On the sidelines of the 2025 UN General Assembly High-Level Week, a powerful sequence of high-level events convened in UN HQ-New York under a unifying banner: “The Last Mile: Bridging the Cancer & NCD Innovation Gap with AI, Early Detection, and Equitable Access”, on 24 September 2025 Conference Room 5, hosted by: International Cancer Patient Coalition (ICPC) in collaboration with the Permanent Mission of the Republic of the Philippines to the United Nations.

Three interconnected forums (24-25 September - at the Italian Mission House, the UN HQ, and the Swiss Mission House) - were designed to generate tangible political momentum and practical frameworks for digital pathology, AI-enabled screening, and equitable cancer innovation.
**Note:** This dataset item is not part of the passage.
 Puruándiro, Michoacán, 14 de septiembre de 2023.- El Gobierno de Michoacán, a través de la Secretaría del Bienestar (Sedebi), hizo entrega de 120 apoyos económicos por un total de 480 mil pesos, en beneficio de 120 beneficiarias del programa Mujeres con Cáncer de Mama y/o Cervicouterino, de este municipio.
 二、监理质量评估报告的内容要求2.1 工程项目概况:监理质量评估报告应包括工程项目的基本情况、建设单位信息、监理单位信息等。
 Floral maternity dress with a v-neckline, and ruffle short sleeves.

At their core is a focus on public-private partnerships (PPPs) — seen not only as vehicles for innovation but as critical instruments for real-world delivery, health system integration, and sustainability.  Together, these gatherings built toward the adoption of a declaration of political commitment, advancing implementation of precision and digital technologies in early detection and treatment, with a specific focus on breast, lung, liver, rare cancers, and co-morbidities.

The Philippine Delegation, led by the Permanent Mission to the UN and with the Philippine Cancer Society (PCS) as a key civil society partner, took a central leadership role during the 4th UN High-Level Meeting (HLM4) on the prevention and control of Non-Communicable Diseases (NCDs) and the promotion of Mental Health and Well-being. This decennial UN gathering aimed to produce a new, ambitious Political Declaration to accelerate global NCD prevention and control from 2025 onwards, addressing the fact that NCDs, including cancer, now tragically account for 75% of non-pandemic-related deaths worldwide. The Philippines' engagement was crucial in ensuring a focus on equitable delivery of care in developing nations.
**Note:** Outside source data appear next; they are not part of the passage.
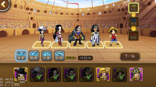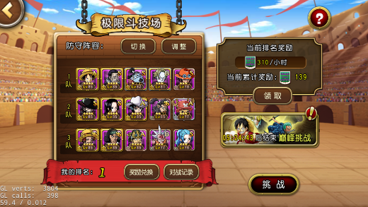 挑战开始后,战斗将自动进行,伙伴技能自动释放。在极限斗技场上是不可以使用船炮的哦!对战双方按照各自三支队伍的顺序依次对战。三局两胜制,挑战超带感!(测试版截图,请以实际游戏为
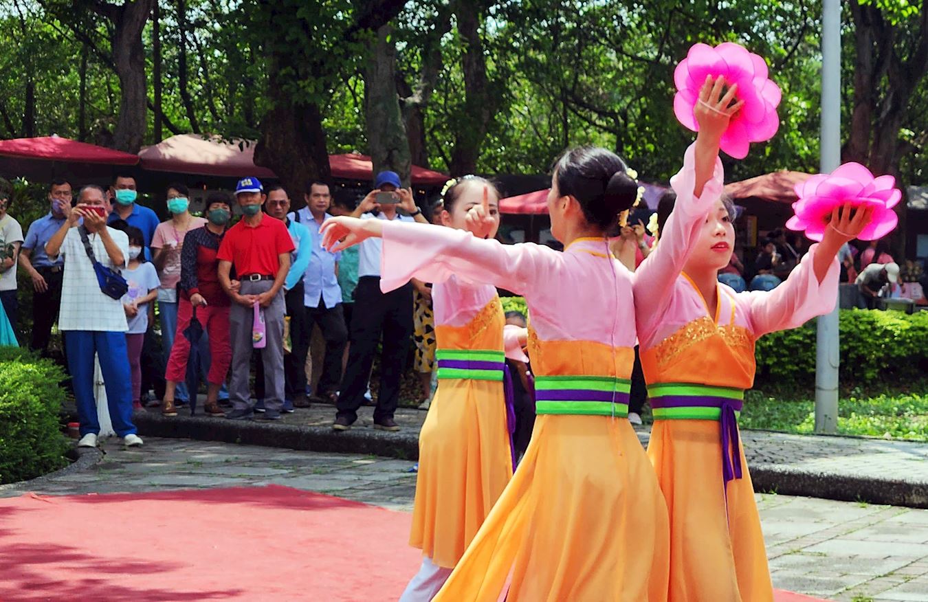 活动中安排了祥和的五套功法展示、欢快的腰鼓队表演、优美的中国古典舞蹈表演、动听的小号及萨克斯风独奏,来庆祝这伟大的日子。在绿色隧道,法轮功学员分发真相资料给往来的游客,希望把法轮大法的美好与世人分享,并一起大合照恭祝李洪志师父生日快乐!
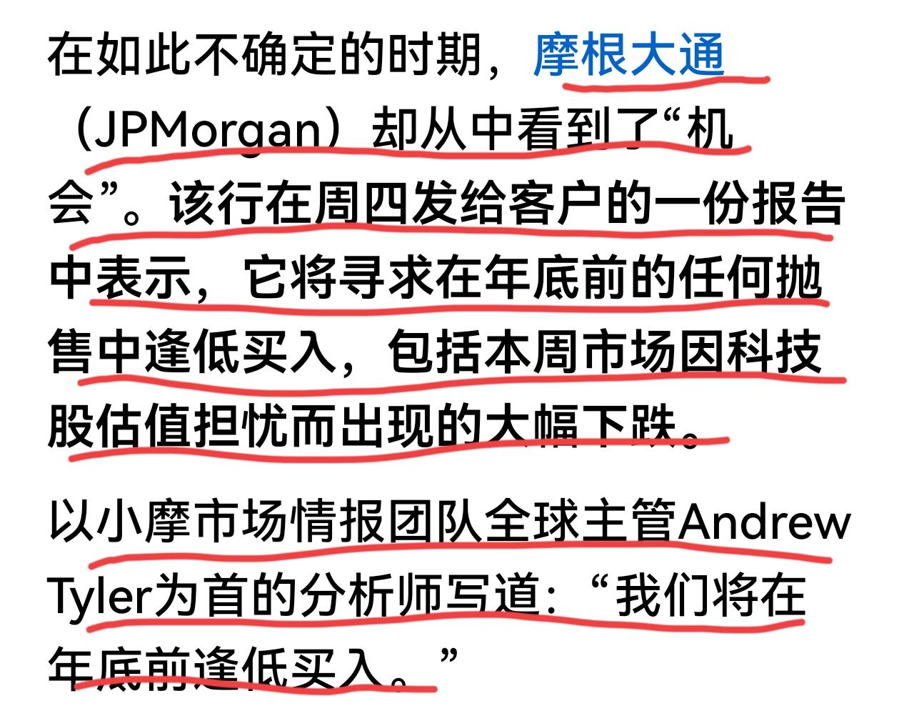 美股行情如何演绎,摩根大通与众不同,表示逢低买入。不少机构警告美国市场高估值值得担忧,唯有摩根大通从中看到机会,寻求在年底前的任何抛售中逢低买入,其分析师团队表示“我们将在年底前逢低买入”。 关于美股高估值尤其是科技七巨头,关于AI泡沫的讨论很多,高盛、摩根士丹利等都有警示,美股可能在未来出现动荡,在12到24个月内出现较大幅度的回调,这是较为普遍的观点。但是摩根大通特立独行,近期很少有看多的观点,摩根大通就是这个少数派,但其观点也是有依据支撑的:美国经济强劲,招聘开始企稳;企业盈利强劲,标普500成分股中83%的公司10月底报告业绩超预期;主要不利因素在消退,贸易战“解冻”,达成了更多贸协议。 作为全球最具影响力的市场,美股的涨跌还是很引人关注的,对A股的情绪影响也不小。近几天美股因 Open AI 财务官失言引发调整,周五又因政府停摆问题可望解决而V型反弹。有时候真理掌握在少数人手中,你认同摩根大通的观点吗?
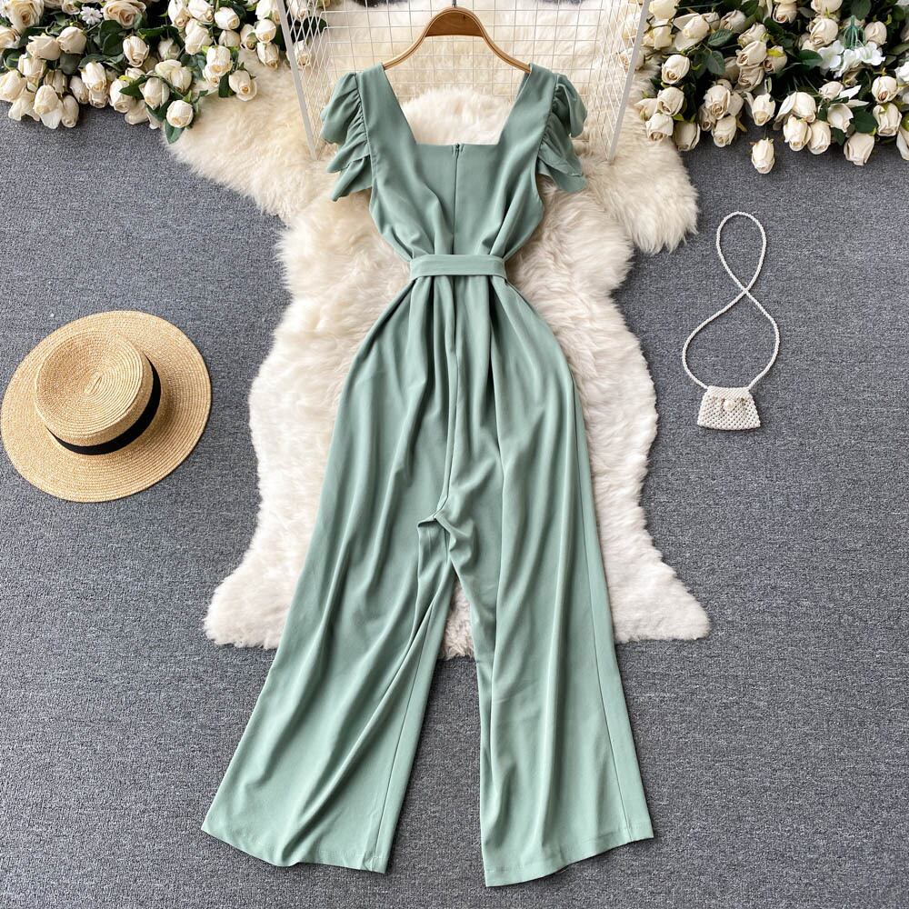 women's summer new holiday style fashion jumpsuit sexy V-neck slim long casual wide-leg pants ロング カジュアル サマー 夏物 Vネック スリム lyxaj15868134105
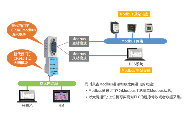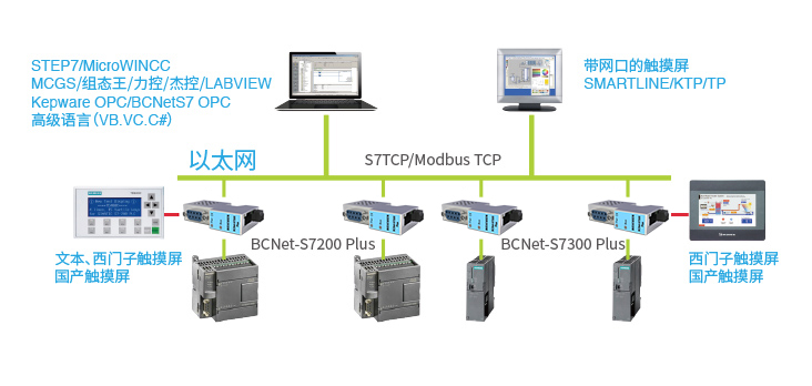 BCNet-S7300Plus是BCNet-S7300的高級(jí)版。在BCNet-S7300的基礎(chǔ)上,以太網(wǎng)口增加了支持與西門子帶網(wǎng)口PLC(S7-200SMART 、S7-1200/S7-1500、S7300PN、CP243-1/CP343-1/CP443-1)之間的通訊功能和ModbusTCP主站通訊。
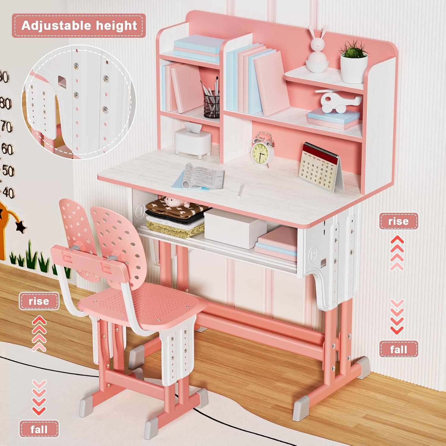 Description:Item Name: Desk Chair SetMaterial: WoodAges: 7-12 Years OldFeatures: Adjustable Height, Storage Drawer, Backpack HooksSize Details:Desk: L: 80cm/31.5", W: 50cm/19.69", H: 121cm/47.64" (Approx.)Desk Height: 106cm-121cm/41.76"-47.67" (Approx.)Chair Height: 37cm-43cm/14.58"-16.94" (Approx.)Notes:Due to the light and screen setting difference, the item's color may be slightly different from the pictures.Please allow slight dimension difference due to different manual measurement.Package Includes:1 x Desk1 x Chair
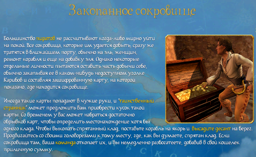 Не так давно я написал несколько статей про Sid Meier's Pirates, в которых забыл не осветил такую важную (пусть и выдуманную) деталь жизни каждого пирата (естественно, внутриигрового), как закопанные сокровища.
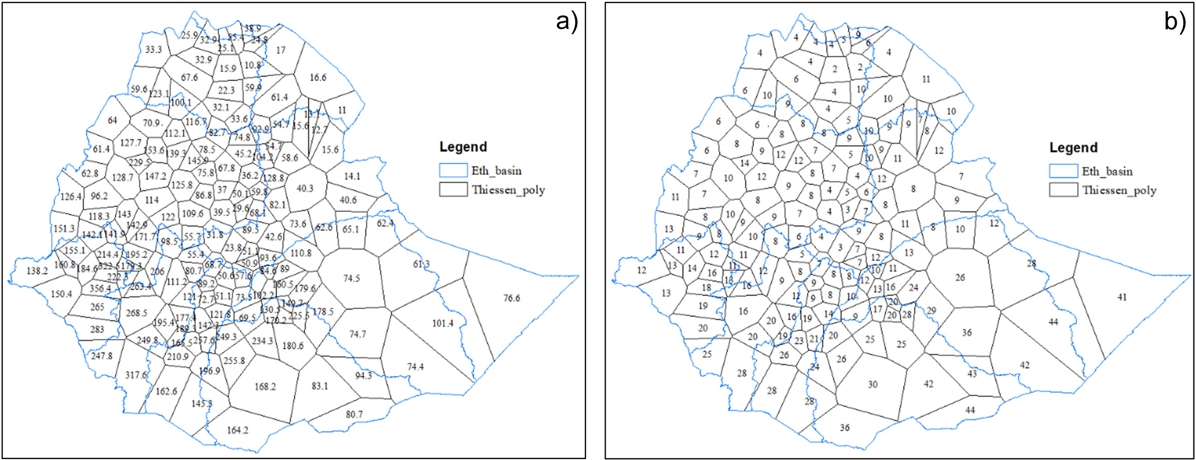 (a) Spatial distribution of mean Belg seasonal precipitation and (b) its percentage contribution to annual rainfall, based on gauge observations and corresponding Thiessen polygons.

The Philippine Mission co-hosted the pivotal "Last Mile" policy dialogue, titled: The Last Mile: Bridging the Cancer & NCD Innovation Gap with AI, Early Detection, and Equitable Access. This significant session, held on September 24, 2025, from 15:00 to 18:00 EST at the United Nations Headquarters, Conference Room 5, was the central component in a three-part "Last Mile" policy series. The series followed a deliberate arc: the first event (Italy) focused on Investment and innovation pathways; the UN session focused on the global Framework for action; and the final event (Switzerland) focused on hands-on Implementation and rare diseases. The UN dialogue’s urgent purpose was to align political leaders, health stakeholders, and civil society on a shared, concrete framework for action, specifically aimed at closing the persistent gap between cutting-edge medical innovation and its practical implementation in low- and middle-income countries (LMICs).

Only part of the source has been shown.